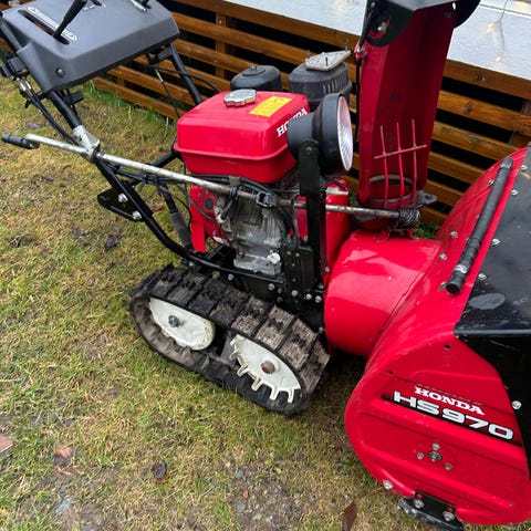 Honda HS970 snøfreser med beltedrift. Maskinen har en kraftig motor og er designet for effektiv snørydding. Utstyrt med robuste belter for bedre fremkommelighet på snødekte underlag.
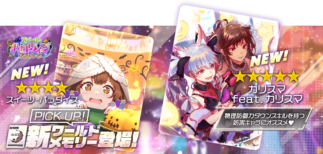 ハロウィン仕様の新ワールドメモリー「★4 スイーツ・パラダイス」と「★5 カリスマ feat. カリスマ」がピックアップガチャに登場!
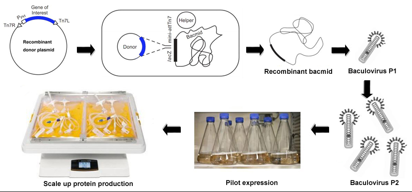 There are several benefits of using baculovirus service to express target proteins, such as larger inserts, ability of post-translational modifications, enhanced protein folding and function, high expression levels and safety.
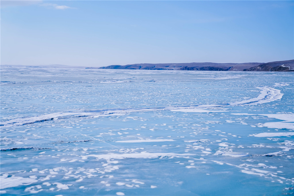 呼伦湖非常大,大到望向湖的方向时完全看不到尽头,与天相接的地方还是冰湖,湛蓝的天空没有一丝瑕疵,冰湖上面大概受风力的作用,冰面被吹得凹凸不平。而是偶尔出现小小的坑洼或是裂痕,这种凹进去的坑洼和裂痕里面藏着白色的积雪,其它藏不住的积雪都被狂风吹送着掠过冰面飘向远方。
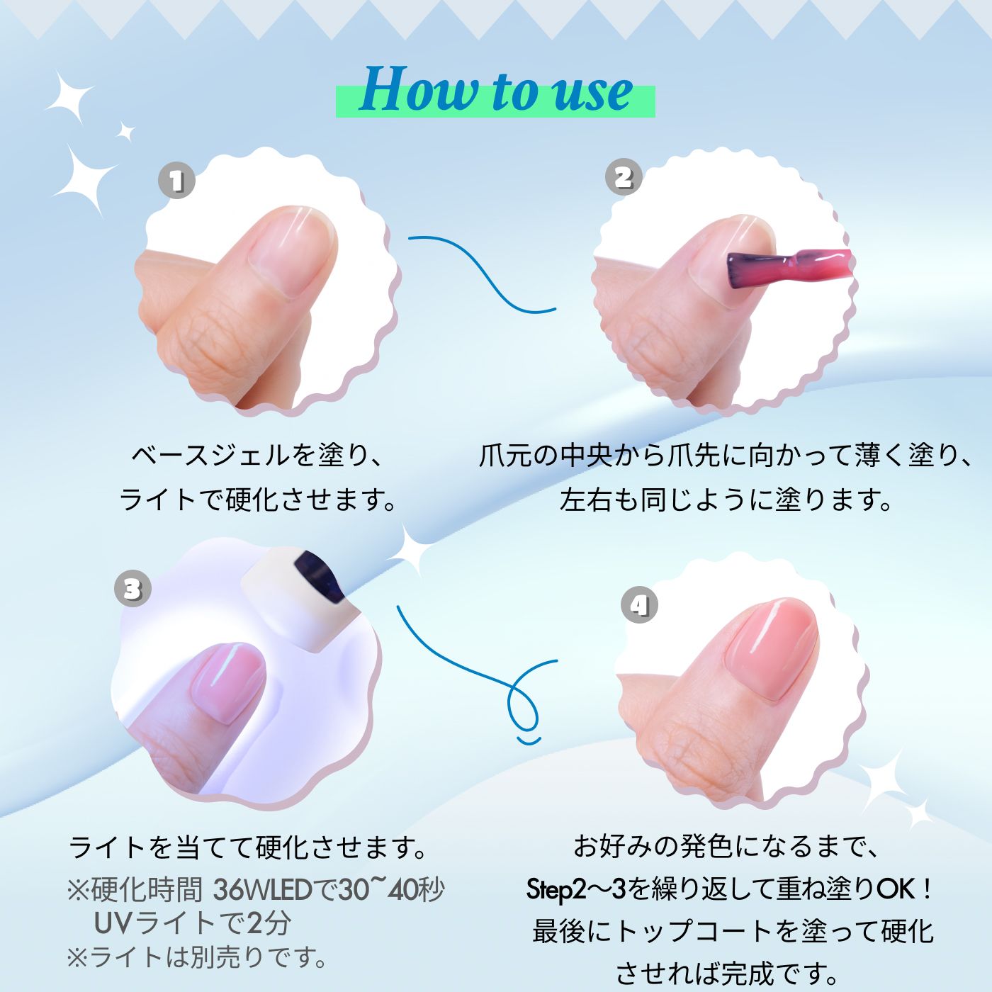※必ず化粧品登録済みのベースジェルの上からご使用ください。
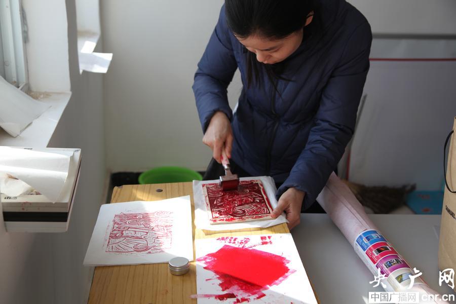 活動(dòng)在北京延慶香營(yíng)鄉(xiāng)山底下村拉開了序幕,村民早早的就等候在大隊(duì)部了。此次活動(dòng)除了為村民現(xiàn)場(chǎng)寫春聯(lián)外,還現(xiàn)場(chǎng)制作年畫和富有年味的版畫。寫春聯(lián)和制作年畫的都是在各村任職的大學(xué)生村官,他們發(fā)揮自己在書法和繪畫方面的特長(zhǎng),義務(wù)為百姓服務(wù)。“還是頭一次現(xiàn)場(chǎng)看制作年畫,俺得等著拿一張。”村民趙寅恩樂呵呵的說。這邊制作年畫,那邊寫對(duì)聯(lián),滿屋子的歡聲笑語,年味十足。
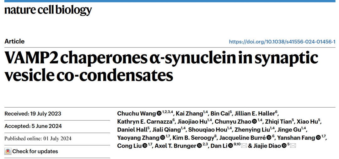 校友、上海交通大学Bio-X研究院李丹课题组与美国辛辛那提医学院刁佳杰课题组在Nature Cell Biology上在线发表题为VAMP2 chaperones α-synuclein in synaptic vesicle co-condensates的研究成果,首次报道了α-syn、VAMP2和SV在体外和神经元中的共相分离现象。

Task description: Repeat each line of the listing word for word, from the first through the line that contains "ハロウィン仕様の新ワールドメモリー「★4 スイーツ・パラダイス」と「★5 カリスマ". Any picture stays out.

Output for this task:
 Honda HS970 snøfreser med beltedrift. Maskinen har en kraftig motor og er designet for effektiv snørydding. Utstyrt med robuste belter for bedre fremkommelighet på snødekte underlag.
 ハロウィン仕様の新ワールドメモリー「★4 スイーツ・パラダイス」と「★5 カリスマ feat. カリスマ」がピックアップガチャに登場!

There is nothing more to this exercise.